ResolveAI
A cross-surface AI SRE workflow for production incidents.
- Year
- 2025
- Role
- Product Designer
- Tags
- AI SREAgenticDevToolsB2B
An AI SRE that works the incident alongside on-call engineers.
ResolveAI is an enterprise AI SRE agent. It reads across code, infrastructure, logs, metrics, and live systems to catch incidents, propose causes, and help engineers get from alert to fix.
An AI SRE that works the incident alongside on-call engineers.
ResolveAI is an enterprise AI SRE agent. It reads across code, infrastructure, logs, metrics, and live systems to catch incidents, propose causes, and help engineers get from alert to fix.

On-call starts in Slack, because that's where the page lands. The first decision was to keep the interruption small: the alert, the agent's first read, and one next action, not a full report dumped into the thread.

When the work shifts from reacting to digging in, it moves to the web app. The report becomes a workspace: status, theories, evidence, root cause, and open questions each get their own place, so engineers can audit the reasoning instead of scrolling one long block of text.

The hard part is trust: out of several theories, which one should an engineer act on? I built the triage view around ranked hypotheses, each carrying its evidence count, impact, and confidence, with a direct path into the full investigation.
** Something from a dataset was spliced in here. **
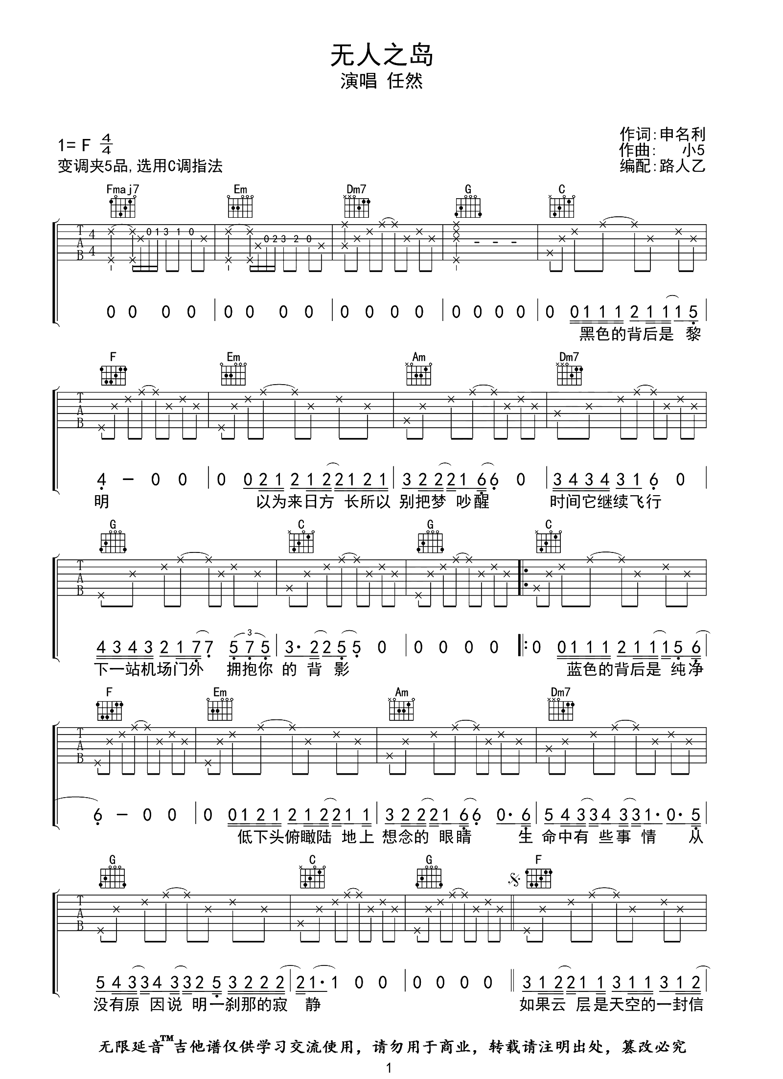 无人之岛吉他谱 - 任然 - C调吉他弹唱谱 - 原版

The work doesn't end when the fire's out. After a deploy, the agent keeps watching production, flags regressions, traces likely code paths, and drafts the remediation. The rule is firm: it can suggest and prepare, but anything that touches production waits for a human to approve it.

The last surface is shared. Engineers challenge the agent, ask follow-ups, compare evidence, and decide the next move together. I defined the Slack-to-web flow, designed the core UI states, prototyped the Slack blocks, and shipped the first version to enterprise customers.